(Task item): Output the exact lines that start at the one containing "兰石重装(603169)亦发" and continue to the last line of the entries below; do not output pictures.

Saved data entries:
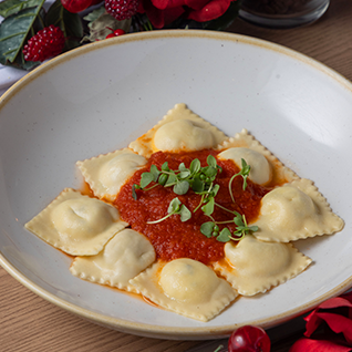 Massa fresca exclusiva, recheada com ricota e ‘mozzarella di bufala’, servida com molho de tomates.
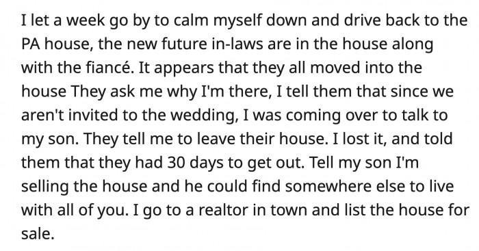 After uninviting his parents from his wedding, he thought he could just keep on living in their house rent-free
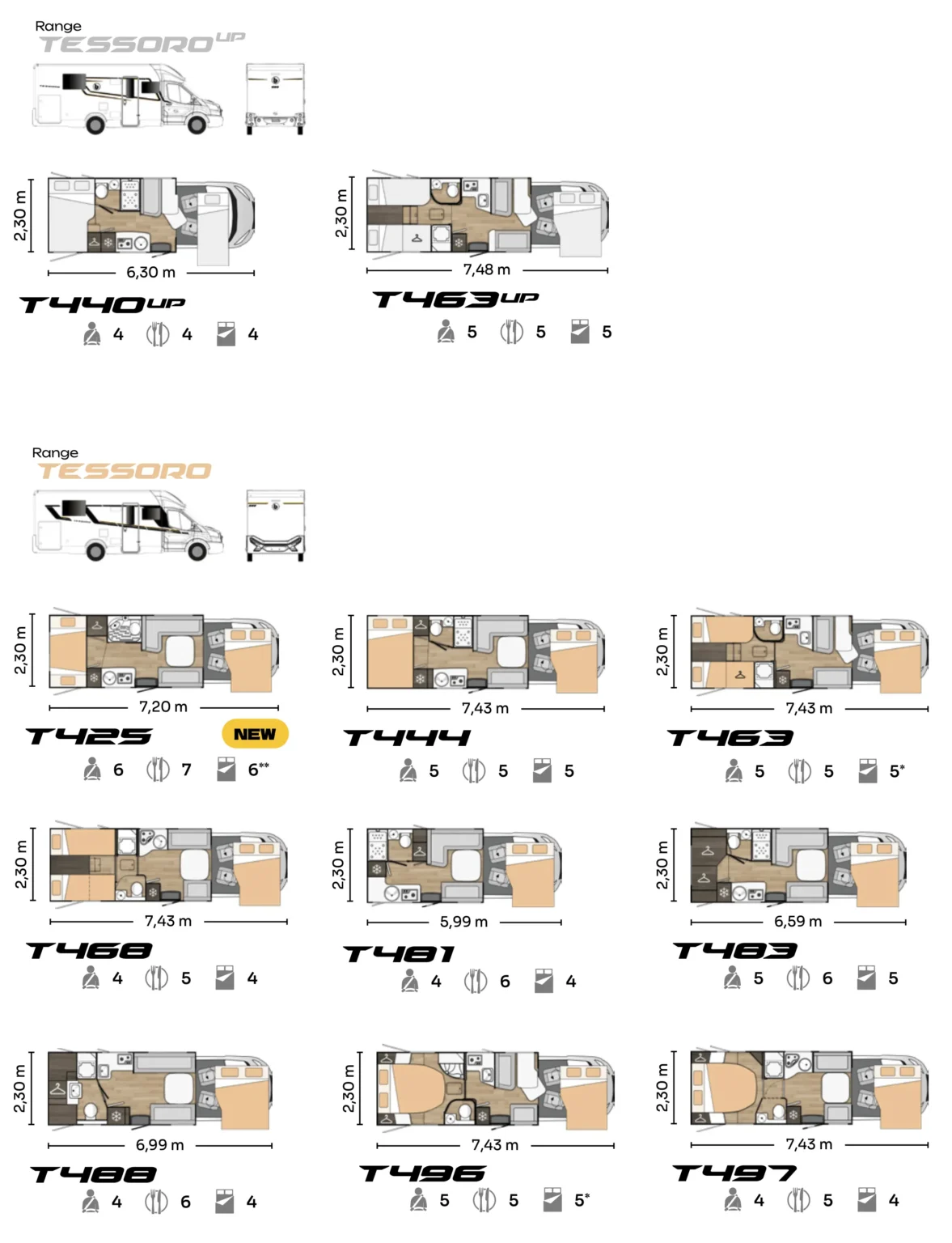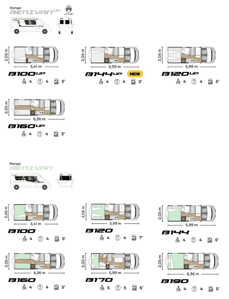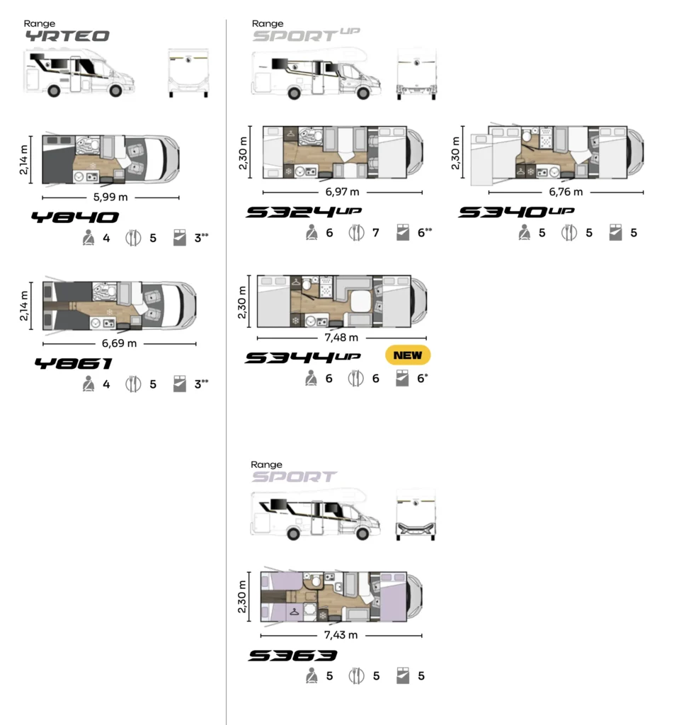 V sezoni 2026 bo na voljo šest različnih tlorisov. 4 tlorisi izmed njih bodo na voljo v UP izvedbi. UP izvedbe bodo na Citroenovi osnovi, ostale pa na Fiatovi. Pri vanih lahko izbiramo med osnovno izvedbo, plus paketom in Northautokapp paketom, ki letos vključuje tudi avtomatski menjalnik. Poleg paketov lahko opcijsko dodamo tudi pop-up streho(klasično belo ali črno v kombinaciji s panoramskim oknom spredaj. Lahko pa se odločimo tudi samo za panoramsko okno brez Pop-up strehe.
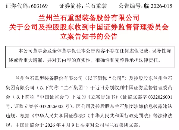 兰石重装(603169)亦发布公告称,因公司及控股股东兰石集团涉嫌信息披露违法违规,根据《中华人民共和国证券法》《中华人民共和国行政处罚法》等法律法规,中国证监会于2026年4月9日决定对公司与兰石集团立案。
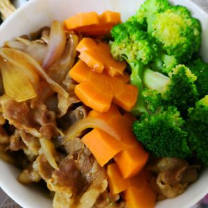 米饭,肥牛,西蓝花,胡萝卜,摆放随喜…最后再在蔬菜上浇一点汁儿~吃去吧

(Response box):
 兰石重装(603169)亦发布公告称,因公司及控股股东兰石集团涉嫌信息披露违法违规,根据《中华人民共和国证券法》《中华人民共和国行政处罚法》等法律法规,中国证监会于2026年4月9日决定对公司与兰石集团立案。
 米饭,肥牛,西蓝花,胡萝卜,摆放随喜…最后再在蔬菜上浇一点汁儿~吃去吧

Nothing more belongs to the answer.